Brief -
Look through the listing below for the line containing "Anillo solitario Erika". Copy it and each line after it up to and including the line containing "台灣本土市場,台灣非現金支付自 2019 年", exactly, leaving out pictures.

Exercise material -
######
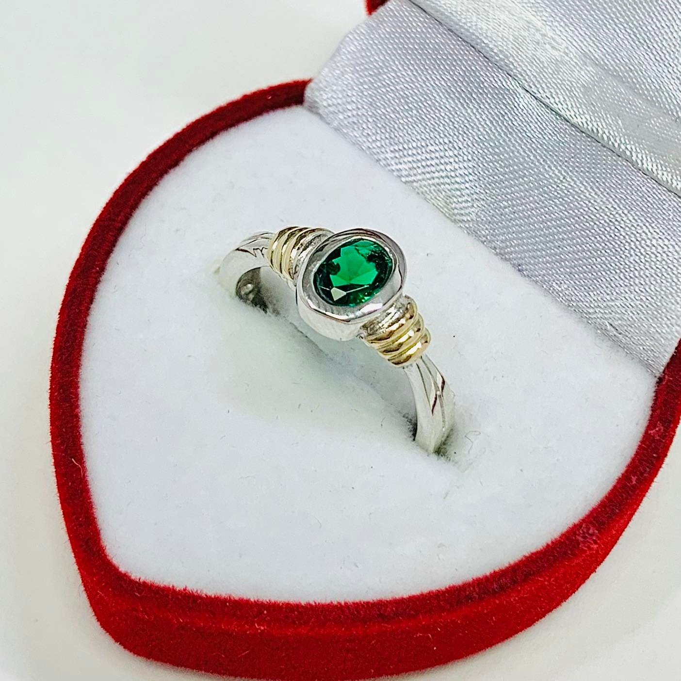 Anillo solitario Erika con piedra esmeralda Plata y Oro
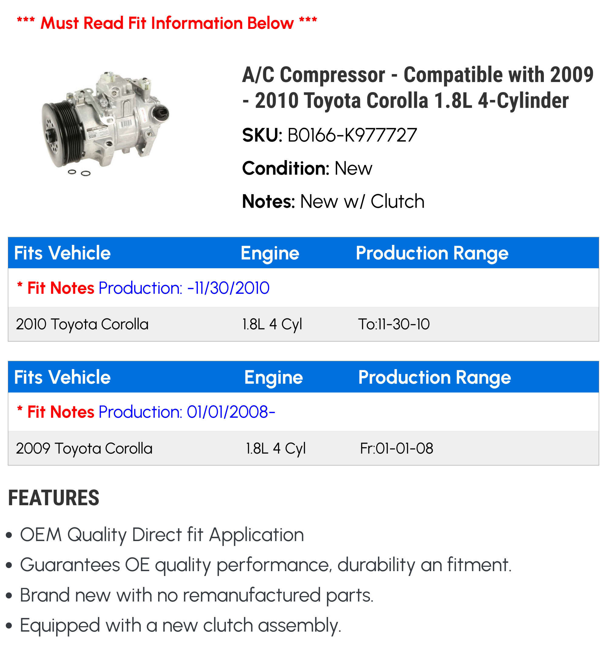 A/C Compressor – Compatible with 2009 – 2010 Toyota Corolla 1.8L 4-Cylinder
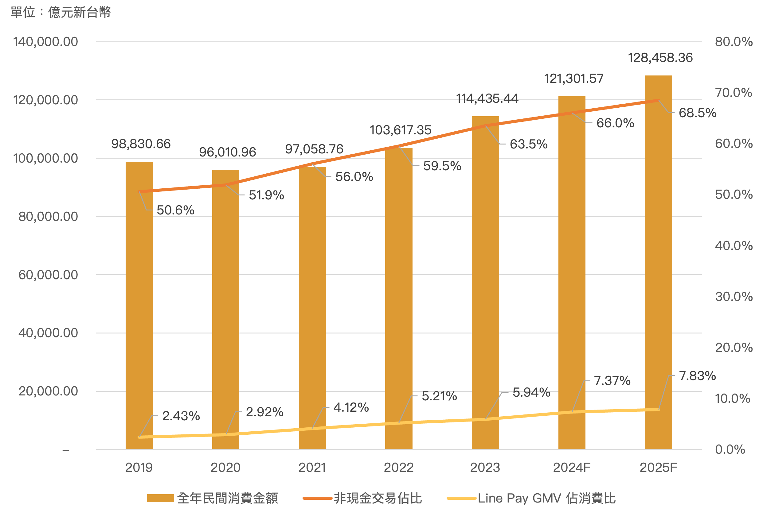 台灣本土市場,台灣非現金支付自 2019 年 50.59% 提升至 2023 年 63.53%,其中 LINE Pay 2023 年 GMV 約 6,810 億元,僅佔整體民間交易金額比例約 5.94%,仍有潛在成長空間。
######
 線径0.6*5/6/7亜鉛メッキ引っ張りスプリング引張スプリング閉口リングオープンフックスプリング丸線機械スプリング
######
Finished task -
 Anillo solitario Erika con piedra esmeralda Plata y Oro
 A/C Compressor – Compatible with 2009 – 2010 Toyota Corolla 1.8L 4-Cylinder
 台灣本土市場,台灣非現金支付自 2019 年 50.59% 提升至 2023 年 63.53%,其中 LINE Pay 2023 年 GMV 約 6,810 億元,僅佔整體民間交易金額比例約 5.94%,仍有潛在成長空間。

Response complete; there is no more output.